In hoger beroep heeft de inspecteur een taxatiebeoordeling van de taxatie 2022 van [adres 1] van 13 december 2022 ingediend (hierna: de taxatiebeoordeling). De taxatiebeoordeling is opgesteld op verzoek van de inspecteur door [I] , rijkstaxateur. De taxatiebeoordeling bevat onder andere de volgende gegevens en/of toelichting:
  • Plaatselijke opname, inpandige opname: nee.
  • Peildatum: 1 januari 2001.
  • Reikwijdte: deze beoordeling is een intern advies, slechts met dit oogmerk geschreven en is niet bedoeld voor andere doeleinden.
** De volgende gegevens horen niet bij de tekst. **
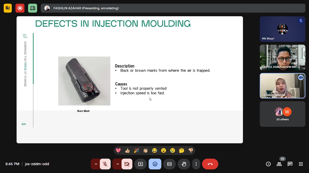 The talk highlighted common defects such as warpage, sink marks and short shots, alongside systematic root cause analysis on the machines. Ms Nor Fashilin described how engineers adjust process parameters and consult historical data to stabilise production and reduce rejection rates. She also demonstrated the use of simple dashboards and monitoring systems to track cycle time, scrap trends and machine efficiency. These examples illustrated the growing role of Industry 4.0 tools in supporting materials and process decisions.

Deze taxatiebeoordeling is geen professionele taxatiedienst in de zin van de reglementen van het NRVT.
  • Doel: beoordeeld is de aanvaardbaarheid van de door belastingplichtige aangegeven waarde in het economische verkeer aan de hand van het taxatierapport.
  • Gebruikssituatie: belegging. Huuropbrengst op peildatum € 149.748.
  • Bevindingen: de volgende onderdelen van, parameters en/of uitgangspunten in het taxatierapport worden betwist:
1. Voor het bepalen van de marktwaarde gaat de heer van Til ten onrechte uit van een eigenaar/gebruiker situatie.
2. Verkeerd jaar Forecast inflatie-kostenverwachting.
3. Gekozen (koop)referenties.
4. Gehanteerd netto aanvangsrendement van 5,50%
5. Bruto aanvangsrendement 6,44% kosten koper.
6. De marktwaarde per m2 VVO van € 1.309.
- Ter ondersteuning van de eerder genoemde argumenten, geeft het volgende referentieobject op De [adres 8] te [plaats 2] , een goed beeld van een soortgelijk object. Volgens de akte van levering is het referentiepand op 29 december 1999 verkocht voor € 1.429.408 (vrij van huur).

3.Geschil in hoger beroep

Tussen partijen is in geschil of de aanslag ib/pvv 2015 te hoog is vastgesteld. Daarbij spitst het geschil zich toe op de vraag of op grond van de foutenleer, dan wel op grond van het vertrouwensbeginsel, de waarde in het economische verkeer van [adres 1] per 1 januari 2001 op een hoger bedrag gesteld kan worden dan € 1.490.710.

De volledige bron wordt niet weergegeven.